- **Data to process**
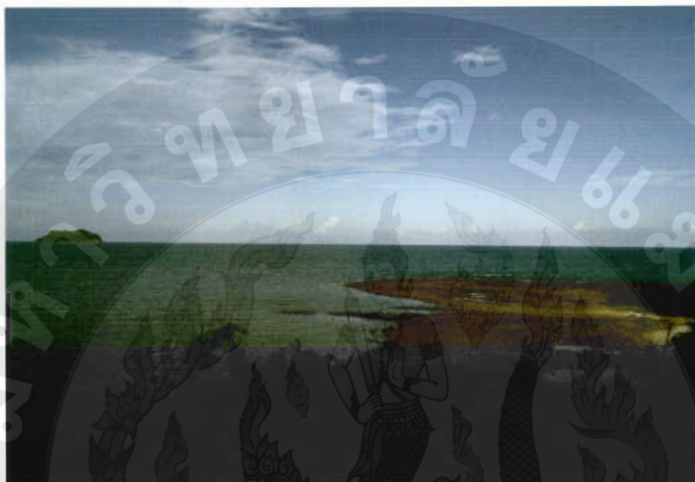
ทัศนียภาพแหลมคอกวาง
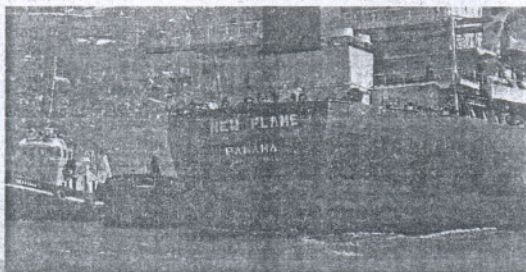
LABOR. El New Flame era ayer remolcado por otro buque.

Las manifestaciones se han producido tras el hundimiento el primer día de este año del remolcador panameño Ocean Lady a unas ocho millas de la costa ceutí por dos incendios sufridos en el interior:
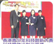
香港青少年科技創新大賽科技實踐活動三等獎
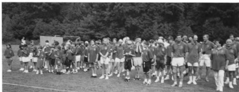
Частина учасників в Українських Спортових Ігрищах Молоді в Еленвіл в 1995 р.
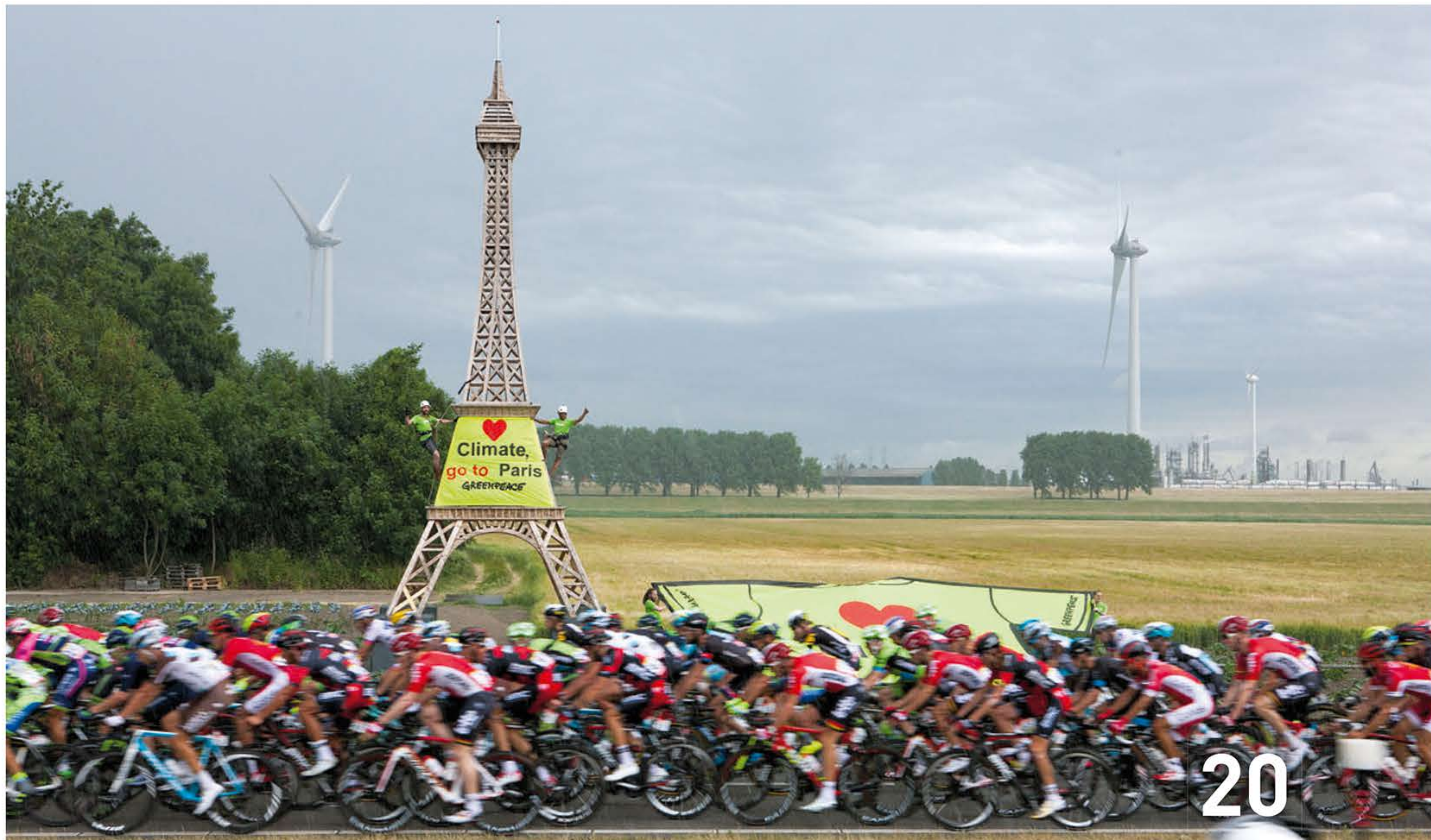
Paris im Blick: Die Fahrer der Tour de France sind schon dort angekommen, die Vorbereitungen zur Klimakonferenz laufen dagegen noch.
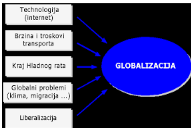
Slika 1. Uzroci nastanka globalizacije
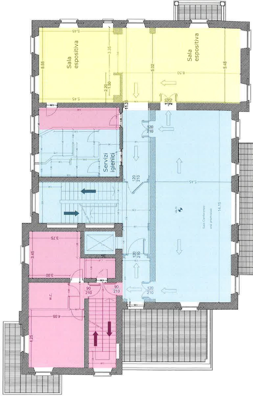
Planimetria Piano Primo
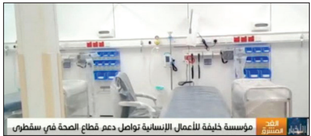
مؤسسة خليفة للأعمال الإنسانية تواصل دعم قطاع الصحة في سقطرى

وبحسب تقرير على قناة "الغد المشرق" فإن عملية التوسعة تسير وفق مسارين يتم معها استمرار استقبال المرضى وتجهيز غرف متعددة إضافية ومجهزة بأفضل الأجهزة الطبية. من جهتهم أكد مواطنو سقطرى أن مستشفى خليفة

- **Assignment**
Reproduce exactly, and only, the lines that begin at the one containing "Planimetria Piano Primo" and end with the final line of the data, both included, while omitting every picture.

- **Result for this exercise**
Planimetria Piano Primo
مؤسسة خليفة للأعمال الإنسانية تواصل دعم قطاع الصحة في سقطرى

وبحسب تقرير على قناة "الغد المشرق" فإن عملية التوسعة تسير وفق مسارين يتم معها استمرار استقبال المرضى وتجهيز غرف متعددة إضافية ومجهزة بأفضل الأجهزة الطبية. من جهتهم أكد مواطنو سقطرى أن مستشفى خليفة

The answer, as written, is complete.